Today’s industries require high temperatures for manufacturing, which are achieved largely by continuously burning coal, oil, fossil gas, or biomass. With much of the world focused on reducing emissions by transitioning away from fossil fuels to renewable sources like wind, solar, and hydro, the question is how to provide industries with on-demand continuous heat in a 100% renewable world.

In a recently published study, researchers from the Department of Civil and Environmental Engineering at Stanford University proposed that an ancient solution, firebricks, could be the answer.

“By storing energy in the form closest to its end use, you reduce inefficiencies in energy conversion,” said Daniel Sambor, a postdoctoral scholar in civil and environmental engineering and a study co-author. “It’s often said in our field that ‘if you want hot showers, store hot water, and if you want cold drink, store ice’; so, this study can be summarized as ‘if you need heat for industry, store it in firebricks.'”

As energy from wind and solar fluctuates, it’s important that sources replacing combustion fuels are capable of electricity or heat storage. Refractory bricks, which can withstand high temperatures without damage, have been used for thousands of years – likely since the early Bronze Age – to line furnaces, kilns, fireplaces, and ovens.

Similar to refractory bricks, firebricks can store heat or insulate, depending on what they’re made from. Firebricks used for heat storage should have a high specific heat – the amount of heat 1 g of a substance must absorb or lose to change its temperature by 1 °C (1.8 °F) – and a high melting point. Ideal low-cost firebrick materials with these properties include alumina and magnesia or low-grade graphite. Insulating firebricks must withstand high temperatures but have low thermal conductivity to resist heat flow and obtain heat slowly from their surroundings. Silica has a low thermal conductivity, so is regularly used in these types of firebricks.

Refractory bricks used to insulate the inner steel shell of a rotary kiln against the high temperatures produced
Wikimedia Commons/Alexknight12 CC BY-SA 3.0

Heat-storing firebricks are surrounded by another type of firebrick that’s more insulating and then by steel, such as a thick steel container, to further reduce heat loss. Process heat can be drawn from the firebricks on demand by passing ambient or recycled air through channels in the bricks to produce low-to-high temperature air or obtained from the emission of infrared radiation directly from the red-hot bricks. Using firebricks avoids the need for battery storage or green hydrogen storage of renewable electricity as electricity storage is replaced by firebrick storage.

The purpose of the present study was to examine the impact of using firebricks to store most industrial process heat in 149 countries that had, in a hypothetical future in the year 2050, transitioned to 100% clean and renewable energy.
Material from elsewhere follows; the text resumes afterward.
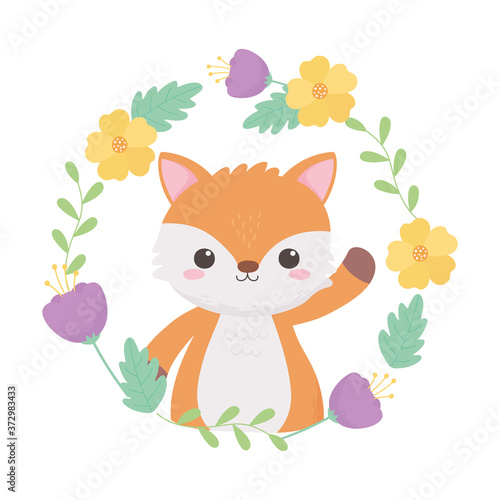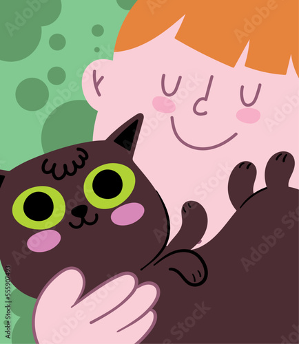 Cute vector spring cat with flower. Cartoon funny kitten animal icon illustration for greeting card design. Happy pet and nature isolated on white background

The 149 countries chosen are responsible for producing 99.75% of fossil fuel carbon dioxide (CO2) emissions globally. The researchers used computer models to compare costs, land needs, health impacts, and emissions for two scenarios: one where firebricks provided 90% of industrial process heat and one in which no firebricks were used.

“Ours is the first study to examine a large-scale transition of renewable energy with firebricks as part of the solution,” said Mark Jacobson, professor of civil and environmental engineering at Stanford’s Doerr School of Sustainability and the study’s lead and corresponding author. “We found that firebricks enable a faster and lower-cost transition to renewables, and that helps everyone in terms of health, climate, jobs, and energy security.”

Across the 149 countries, compared to the scenario where firebricks weren’t used, using firebricks was found to cut capital costs in 2050 by a substantial US$1.27 trillion. Firebricks also reduced the need for energy storage capacity from batteries by around 14.5%, annual hydrogen production for grid electricity by around 27.3%, land needs by about 0.4%, and overall annual energy costs by about 1.8%. For the ‘no firebricks’ scenario, it was assumed that countries would obtain the heat for industrial processes from electric furnaces, heaters, boilers, and heat pumps, with batteries used to store electricity for those technologies.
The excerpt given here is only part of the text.